Unter den am besten finanzierten Aggregatoren auf Amazon mischen zwei weitere Gründer aus Deutschland mit, die der Goldgräberstimmung nach London gefolgt sind. Mit ihrer ebenfalls im Sommer 2020 gegründeten Heroes haben die aus Hamburg stammenden Brüder Riccardo und Alessio Bruni nach Angaben des Informationsdienst Crunchbase insgesamt 265 Mill. Dollar eingesammelt. Riccardo war zuvor unter anderem bei dem Risikokapitalgeber EQT Ventures und im Investment Banking bei Merrill Lynch tätig. Sein Bruder Alessio leitete die Retail-Abteilung von Lazada, einem von Rocket Internet in Südostasien gestarteten Amazon-Klon, der 2017 an die chinesische Alibaba verkauft wurde.
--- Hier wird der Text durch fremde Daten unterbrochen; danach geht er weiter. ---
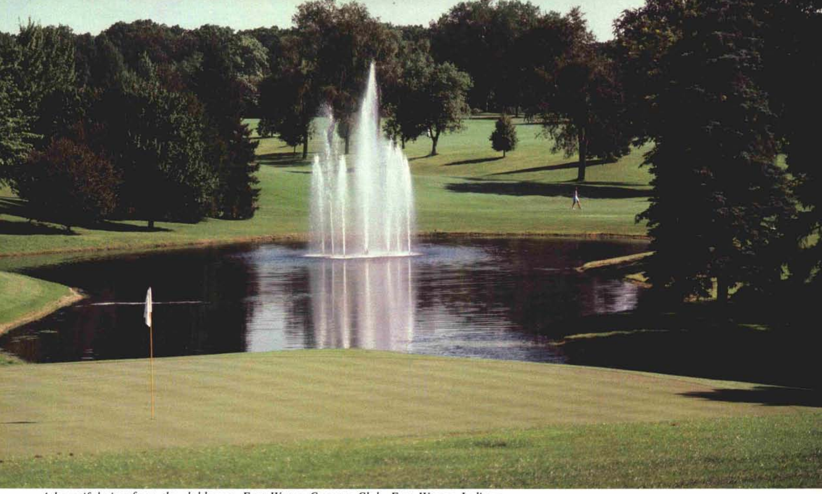
A beautiful view from the clubhouse, Fort Wayne Country Club, Fort Wayne, Indiana.

Thrasio verschiebt Börsengang

Im neuen Jahr rechnen Marktbeobachter bereits mit dem Start der Konsolidierung unter den Konsolidierern auf dem Marktplatz von Amazon. SellerX setzte mit der Übernahme der Berliner KW Commerce Anfang Dezember bereits ein erstes Ausrufezeichen. Auch der erste Börsengang eines Marken-Aggregators ist überfällig, nachdem Thrasio ihre Börsenpläne via Spac im Oktober noch einmal verschoben hat und stattdessen 1 Mrd. Dollar bei Investoren unter Führung von Silver Lake einsammelte. Die Bewertung lag oberhalb von 5 Mrd. Dollar.